As the year winds down, we are slowly creeping in on the 2022 elections. This includes the spring elections – when voters select their leaders for local offices.
For the Madison Metropolitan School District Board of Education, it also means at least one new member will be joining them, as current board member Cris Carusi announced she will not be running for re-election last Thursday.
Now, there are two names in the running for this seat: Mary Jo Walters and Shepherd Janeway.
Walters has a history running for public office. In 2012, she ran as an independent write-in for governor, in 2014 as Lieutenant Governor, and in 2018 for a seat in the U.S. Senate. She did not win any of those races.
After several of her social media posts about trans issues heated up online this weekend, Walters held a press conference today near Atwood Avenue behind Revolution Cycles. She mentioned the education budget cuts from 2011, when former Wisconsin governor Scott Walker decreased the level of funding for public schools.
Walters, mother of three Madison students, says she has been eager to help the public school system ever since then.
“From that point on, I was engaged in so many different causes that it is easy for me to take on what needs to be done with the schools right now. And that is, looking at the current policies, including the safety policies, and I think that we need to invite parents in that process. And I am a parent,” says Walters.
The safety policies Walters references include the MMSD policy allowing transgender students to use the gendered bathroom that they identify with.
Walters has been openly critical about that policy, saying this puts the student body at risk of danger.
“I really didn’t want to bring up the bathroom issue as a safety issue, but as conversations kept evolving around safety policies and the school board, I realized that somebody has to talk about the bathroom language and the girls’ safety,” Walters states.
A study from the Williams Institute at UCLA School of Law found zero evidence for a link between trans-inclusive bathroom policies and any increase in safety risks. The claim has, however, been used in some states and municipalities to limit bathroom use by transgender people.

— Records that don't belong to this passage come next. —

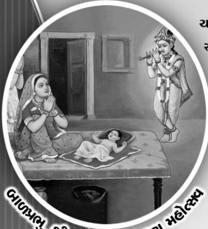
બાળપ્રભુ શ્રી ધનશ્યામપ્રાગટ્ય મહોત્સવ
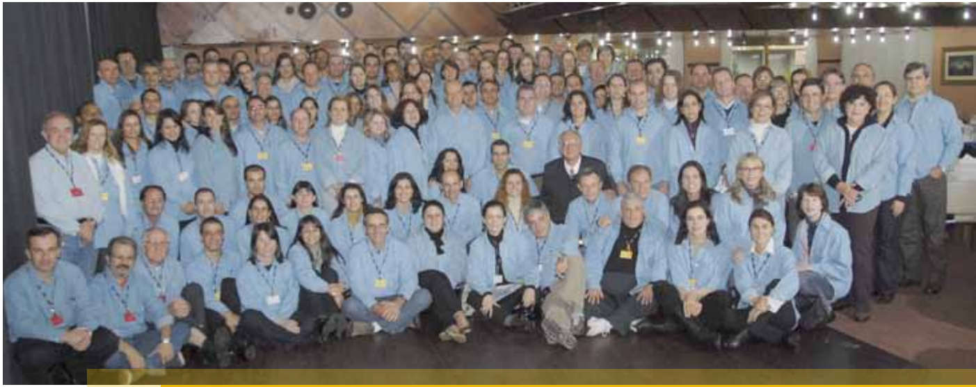
Encontro O Olhar , no Hotel Dall'Onder, em Bento Gonçalves, reuniu professores e técnicos administrativos
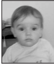
Uztailaren 12an Lur gure sorgintxoak urtetxo bat bete du. Patxo potolo bat danon partez.

Alemaneko klaseak ematen dira. Metodo atsegina eta adin guztietarako. © 670793312. Leire.
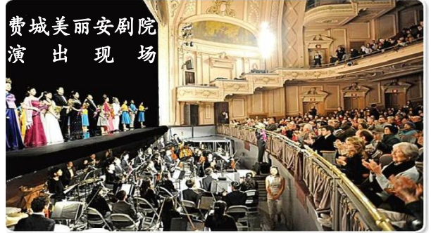
费城美丽安剧院 演出现场

由修炼法轮功的艺术家组成的神韵纽约艺术团、神韵国际艺术团和神韵巡回艺术团，2008年12月19日兵分三路，同时在美国费城、亚特兰大和迈阿密拉开了2009年全球巡演的序幕。预计今年的神韵晚会将巡回世界四大洲80个城市，演出约300场，刷新去年215场的纪录。
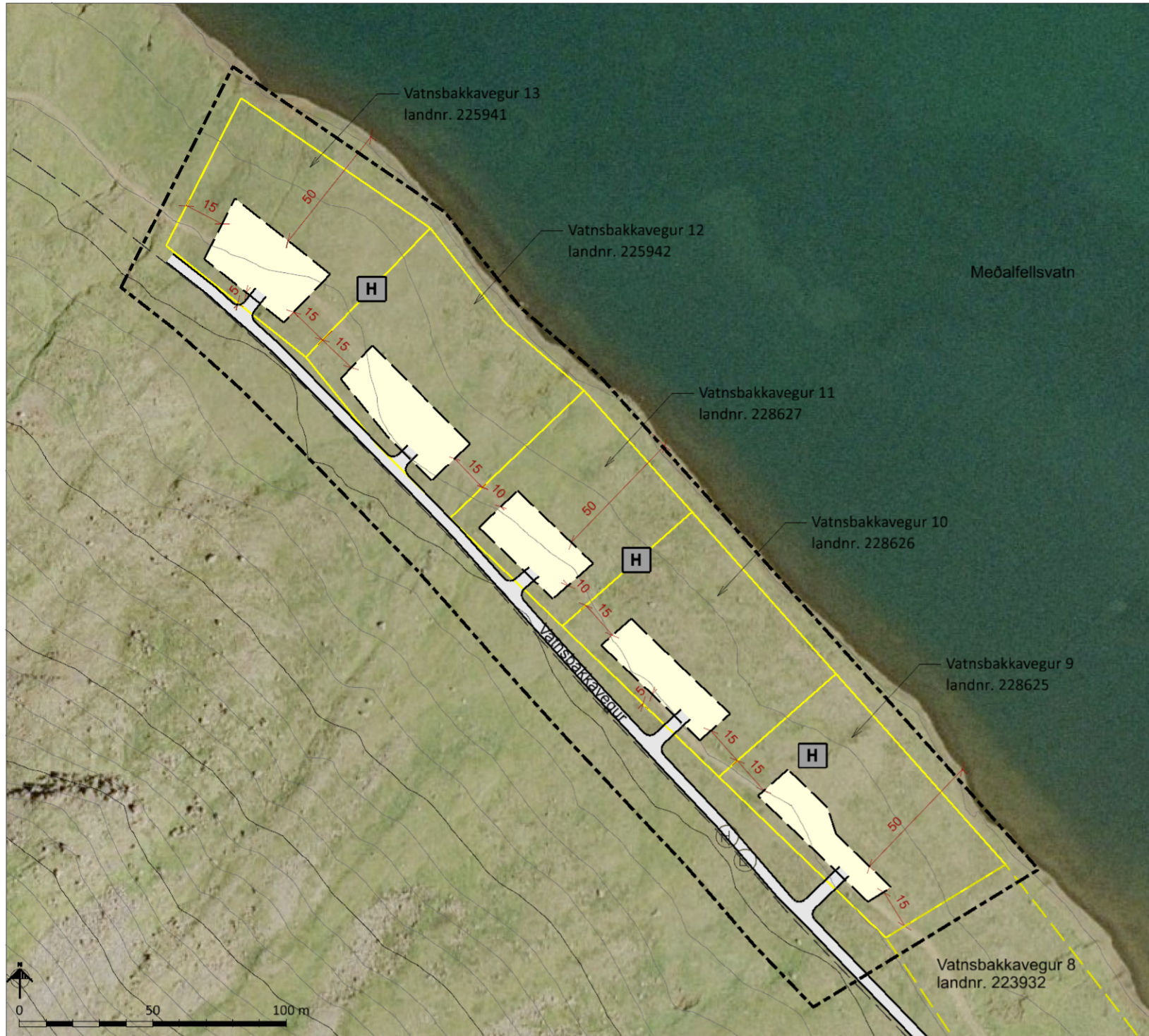
Deiliskipulagsuppdráttur í mkv. 1:2.000
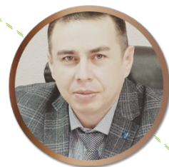
Игнатьичев Алексей Иванович Начальник управления образования Администрации Княгининского мун. района
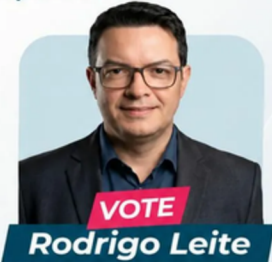
Candidato ao Conselho Fiscal

Walters also says she plans to limit military recruitment within the schools, revise safety measures involving COVID, as well as implement a curriculum focused on life-survival skills.
Walters, who decided to run for office during the summer, was unchallenged – until yesterday.
Now, Shepherd Janeway, who previously went by the name Andi, has entered the race.
Janeway, who uses they/them pronouns and is a member of the transgender community, has been involved with LGBTQ events and other activist groups. This will be Janeway’s first time running for elected office. For legal and regulatory reasons, they will appear on the ballot as Shepherd Joyner.
Janeway says they were motivated to run after discovering comments Walters made online targeting the transgender community – including a comment by Walters that she was “trans-o-phobic.”
“I was made aware on Facebook and other forms of social media that there’s someone who was running for a particular seat on the school board who was running unopposed, and who held some particularly harmful views that I know from first-hand experience would have negatively impacted the kids that I work for and the kids that I work with… I guess this is the kick in the pants that I need to really step up for my community,” says Janeway.
Janeway has recently worked as an instructor at Whoopensocker, a Madison-based youth education program that focuses on teaching the arts to low-income students.
They say their goal on the school board includes supporting discriminated youth.
“My focus will be on ensuring that the policy decisions that we make have the maximum positive impact for the kids across the board, not just necessarily in regards to protecting trans students, but as well as protecting and ensuring that students who are marginalized and are disenfranchised have ways to bridge those gaps within our school,” they state.
Along with success for students, Janeway states they will be focusing on maintaining and improving the relationship between the school board and the teachers union.
In order to be on the ballot, candidates will need to provide completed candidacy papers and 100 signatures from supporters by January 4th. The spring election is Tuesday, April 5th.
Both candidates say they are excited for this election and are grounded by the effort of the community around them that offers support.
Editor’s note: This story has been updated to include the fact that for legal and regulatory reasons concerning surnames on ballots, Shepherd Janeway will appear as Shepherd Joyner on the ballot.